Страница 18 из 25
— Куда же вы, бедалаги, лыжи навострили? — морщась от жали, пытал кока Ваня.
— Это всё Ванька, дурак, сомустил, — опять захныкала сестра. — Говорит, пойдем к мамке на кордон.
— Дак вы, ребятки, в другую сторону подались, — засмеялся кока Ваня, чтобы подбодрить ребятишек. — По этой царской дороге так бы в Москву и утопали, за тыщи верст…
Ванюшка вспомнил: когда на чернолесных северных склонах пыльными бараньими овчинами еще серели проплешины снега, а на солнопеках белели, синели, желтели вешние цветы-прострелы, отец с кокой Ваней, прихватив и малого, чистили деляны подле старого московского тракта, что зарос глухим осинничком; собирали сучья на вырубленной деляне, стаскивали в крутые вороха, а потом сжигали.
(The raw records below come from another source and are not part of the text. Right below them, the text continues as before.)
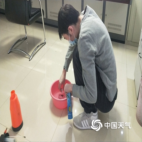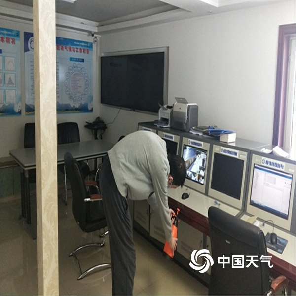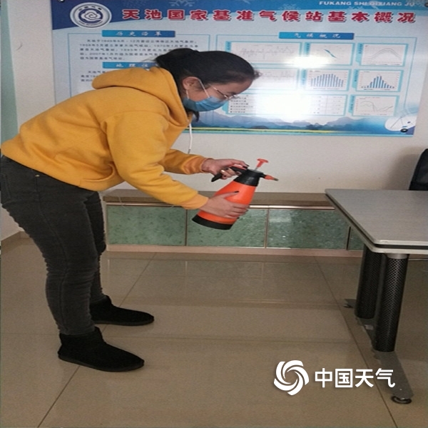 2020年02月14日 16:19气象局工作人员在进行日常消毒工作
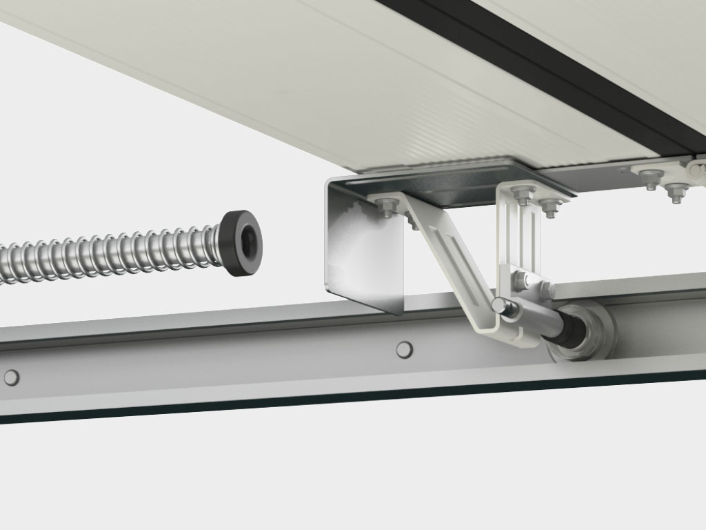 Площадка-упор устанавливается на верхнюю панель, увеличивая площадь сопряжения демпфера амортизатора и полотна ворот. Узел исключает возникновение аварийных ситуаций, вызванных неправильной установкой и регулировкой амортизаторов монтажными бригадами.
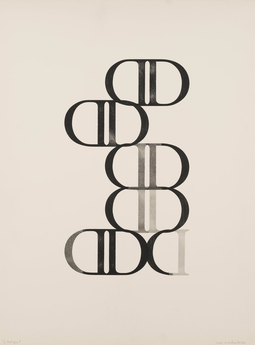Lina Nordenströms bild Antiqua 1 är bokstäver tryckta med en sån känslighet och precision att blicken blir totalt fångad och fascinerad.
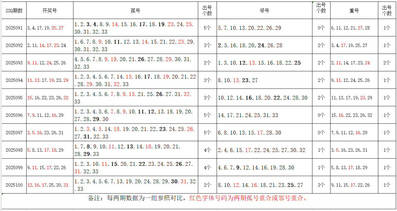 如图,以近两期数据为一组,进行对比分析。相同的孤号、邻号,可能在下期出1-4个左右。上期孤号开出2个,邻号开出3个,重号1个。本期参考孤号:1.2.3.4.5.6.7.8.9.10.14.19.20.21.22.23.27.28.33;邻号:11.13.15.18.24.26.29.32。孤、邻号重合号码精选:***(会员专区可见)。个人分析,仅供参考。
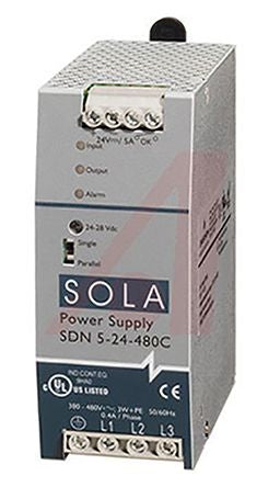 SolaHD, SDN-C DIN Rail Power Supply, 24V dc Output Voltage, 5A Output Current [SDN5-24-480C]; 891-3547
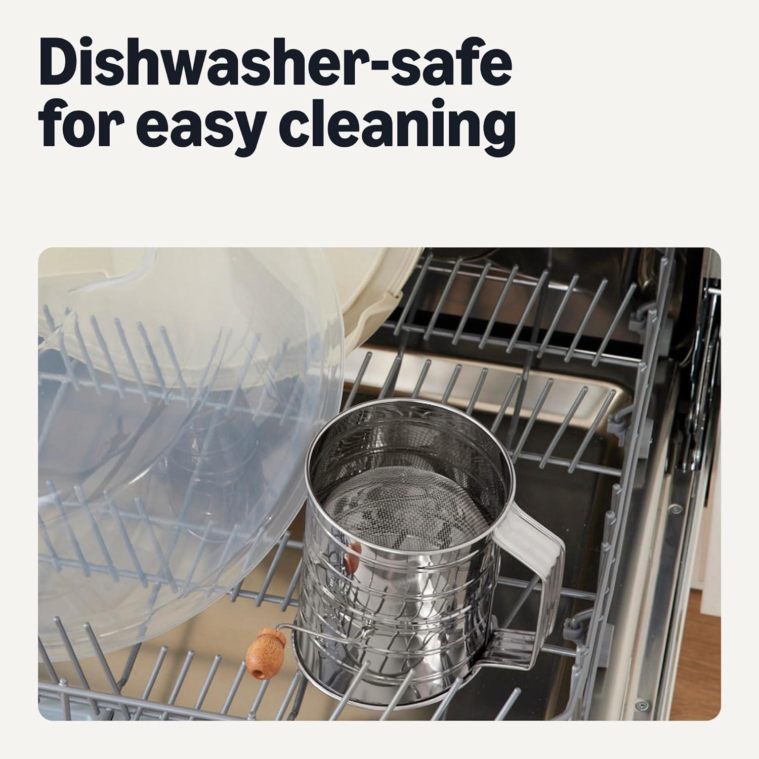 This versatile 3-cup flour sifter features durable stainless steel construction and a convenient hand crank design, perfect for achieving lump-free, finely milled flour and powdered sugar. The dishwasher-safe sifter includes measurement markers and a two-wire agitator system for superior aeration, ensuring professional baking results every time. Amazon Basics are the quality products you count on for all your everyday moments.
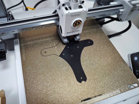 I started the build in June 2024 by taking delivery of an unsealed 390 x 390 mm steamed beech veneered MDF base board and sealing it in several coats of clear satin varnish. That having been done, I then proceeded to do nothing at all, not even open the 3d-printer box until March of this year. Opening the package from Bambu Labs was therefore the catalyst to getting the project proper underway.

Отец, абы раззадорить Ванюшку, подмигивал: «Убирай, сынок, почище, — здесь царь поедет, а как приметит, что порядочек на царской дороге, так похвалит да, глядишь, и гостинчиком отпотчует. Шанюжку брусничную сунет. Цари они, паря, добрые, а шанюжки у их сдобные…» Ну, тут парнишка чуть не бегом таскал сучья в костровища, ясно видя, как на тройке катит царь с короной на русых кудрях. Лишь бы не прохлопать ушами, укараулить, хоть глазочком на царя глянуть…
— Вот есть же Бог, ведь думал же в деревне: высплюсь у деда Кузьмы да утречком и тронусь домой, — дивился кока Ваня, — а вроде голос был: дескать, езжай, Ваня. Да… Ну что, поедем ко мне на зимовье, а завтра чуть свет и утортаю вас к мамке…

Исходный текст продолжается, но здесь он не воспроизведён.